Walker noted that the Health Insurance Portability and Accountability Act has long given patients the right to ask for access to the clinical notes doctors included in their patient records, but that giving patients automatic access and inviting them to review those notes is new.
At the start of the project, participating and non-participating physicians were more likely than patients to be concerned about the usefulness of the notes to patients and whether the information would be confusing or cause concern for patients, Walker said.
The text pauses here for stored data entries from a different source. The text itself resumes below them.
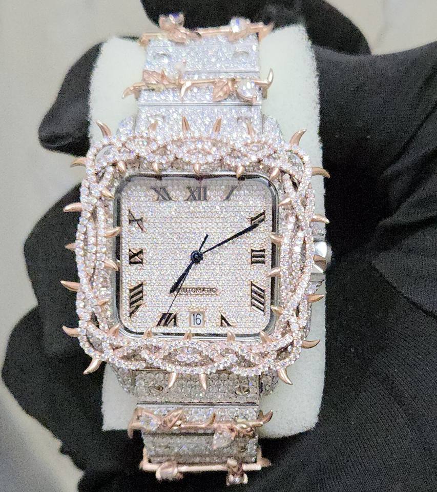 High Quality Luxury Customized Miyota Automatic Iced Red Face Sport Analog Watch Moissanite Diamond Hidden Clasp Stainless Steel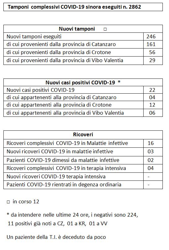 I DATI DEL BOLLETTINO Dal bollettino dell’ospedale emerge che il numero dei contagi da Coronavirus nell’area centrale della Calabria che comprende Catanzaro, Crotone e Vibo Valentia è salito. Il laboratorio di analisi dell’ospedale “Pugliese Ciaccio” di Catanzaro ha registrato 22 nuovi casi positivi: 4 del Catanzarese, 12 del Crotonese e6 del Vibonese. Secondo quanto riferito da fonti ospedaliere, il contagiato di Catanzaro sarebbe un infermiere del reparto di Malattie infettive dello stesso ospedale. I tamponi effettuati nelle ultime 24 ore sono stati 246. Ieri i nuovi casi positivi erano stati 2 su 160 tamponi.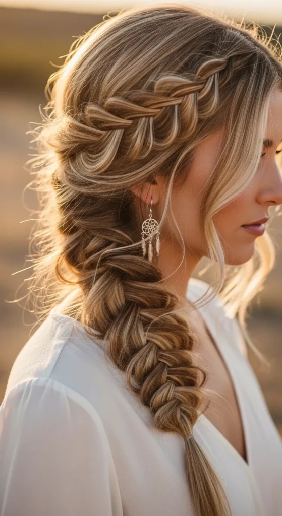 Loose braids add texture and bulk. Gently pulling them apart creates a fuller appearance while keeping the look soft and romantic.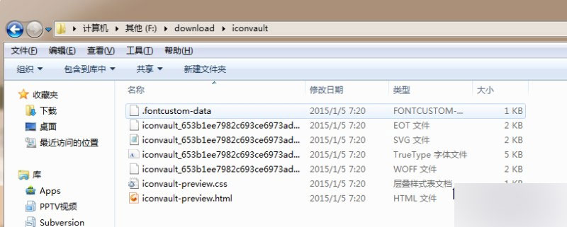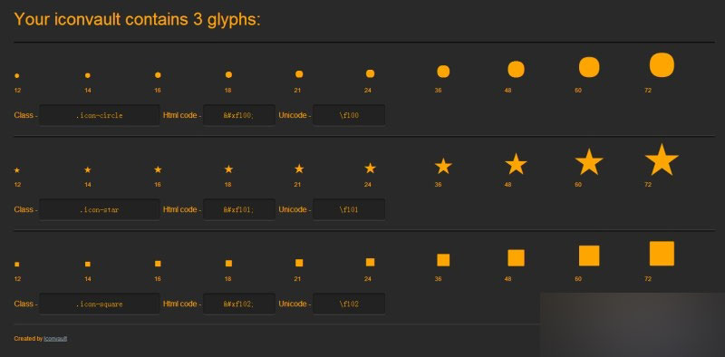 7、解压iconvault.zip文件,能看以下文件(可以开启后缀名查看文件类型):.fontcustom-data可以删除,eot、svg、ttf、woff这四个是字体文件,分别兼容不同的平台。一个CSS文件,以及一个html文件。用浏览器打开html文件,可以看到你设计的全部图标,以不同的字号排列在里面。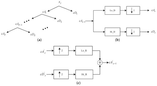 Schematic of wavelet decomposition. indicates the decomposition level and . (a) Structure of the J level decomposition tree; (b) operation in each level to decompose the signal; (c) operation in each level to reconstruct the signal.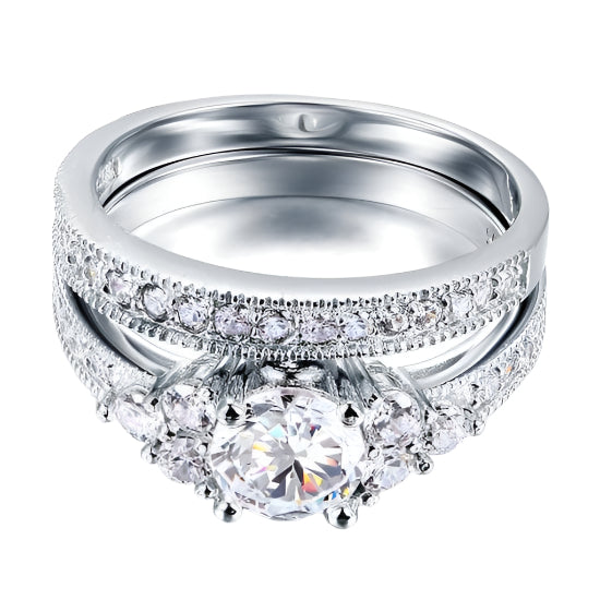 Vintage Style 1.0 Ct Diamond 2-Pc Engagement Ring Set

Doctors also worried about the potential for workload burdens created by patients calling or emailing with questions about the notes.
Researchers also wondered whether doctors would be inclined to change how they wrote or edited the notes, Walker said.
Comments from patients whose doctors participated in the project raised other questions about how some individuals might change their interactions with their doctors when they learn what information goes into the notes, Walker added.
She said that through the OpenNotes project researchers have learned that, like elsewhere in health care, the aim is the help patients, but that there are side effects that “may hurt some people.”
Going forward, she said, clinicians have to learn to use the transparency of open notes effectively and the costs for the technology has to come down to make the effort valuable for providers and patients.
She said a next step for OpenNotes might be making narratives from specialists or even nurses, not just primary care physicians, available to patients.
“One possibility is that doctors and patients may end up writing notes together, which we'd love to see,” Walker said. “It would be a great way to engage patients.”